Question

Use the shell method to find the volume of the solid generated by revolving the region bound by y = 2x, y = 0, and x = 3 about the following lines.

a. The y-axis
b. The line x = 6
c. The line x = -9
d. The X-axis
e. The line y = 37
f. The line y = -4

Answer 1

a. The volume of the solid generated by revolving the region bounded by
`\(y = 2x\), \(y = 0\)`, and
`\(x = 3\)` about the y-axis using the shell method is
`\((243\pi)/(2)\)` cubic units.

b. When revolved about the line
`\(x = 6\)`, the volume is
`\(162\pi\)` cubic units.

c. Revolving about the line
`\(x = -9\)` results in a volume of
`\(162\pi\)` cubic units.

d. The volume generated by revolving about the x-axis is
`\((729\pi)/(2)\)` cubic units.

e. Revolving about the line
`\(y = 37\)` produces a volume of
`\((6561\pi)/(2)\)` cubic units.

f. When revolved about the line
`\(y = -4\)`, the volume is
`\((729\pi)/(2)\)` cubic units.

Step-by-step explanation:

The shell method is employed to find the volumes of solids of revolution.
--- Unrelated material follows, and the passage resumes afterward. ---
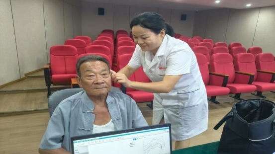 然而,当邹火登戴上调试好的助听器,周围的声音清晰地传入耳中时,他的脸上浮现出久违的笑容。“听到了,听到了!”他激动地重复着,随即扭头对身旁的老伴轻声“抱怨”道:“老婆子你小声点,你的声音太大了!”一句看似平常的调侃,却引得在场众人会心一笑。这一刻,声音不再是他与世界之间的屏障,而是重新连接亲情的桥梁。

For the given region bounded by
`\(y = 2x\), \(y = 0\)`, and
`\(x = 3\)`, the integral setup for the shell method is
`\(V = \int_(0)^(3) 2\pi x(2x) \,dx\)`, where
`\(2\pi x\)` is the circumference of the shell, and
`\(2x\)` represents the height. Evaluating this integral yields
`\((243\pi)/(2)\)` cubic units when revolved about the y-axis.

Similarly, when revolving around the lines
`\(x = 6\) and \(x = -9\)`, the integral setup remains the same, resulting in volumes of
`\(162\pi\)` cubic units for both cases. For revolution about the x-axis, the integral becomes
`\(V = \int_(0)^(3) \pi (2x)^2 \,dx\)`, leading to a volume of
`\((729\pi)/(2)\)` cubic units.

The same approach is applied to find volumes when revolving about
`\(y = 37\) and \(y = -4\)`, resulting in volumes of
`\((6561\pi)/(2)\)` and
`\((729\pi)/(2)\)` cubic units, respectively. These calculations illustrate the versatility of the shell method in determining volumes of solids generated by revolving regions around various axes or lines.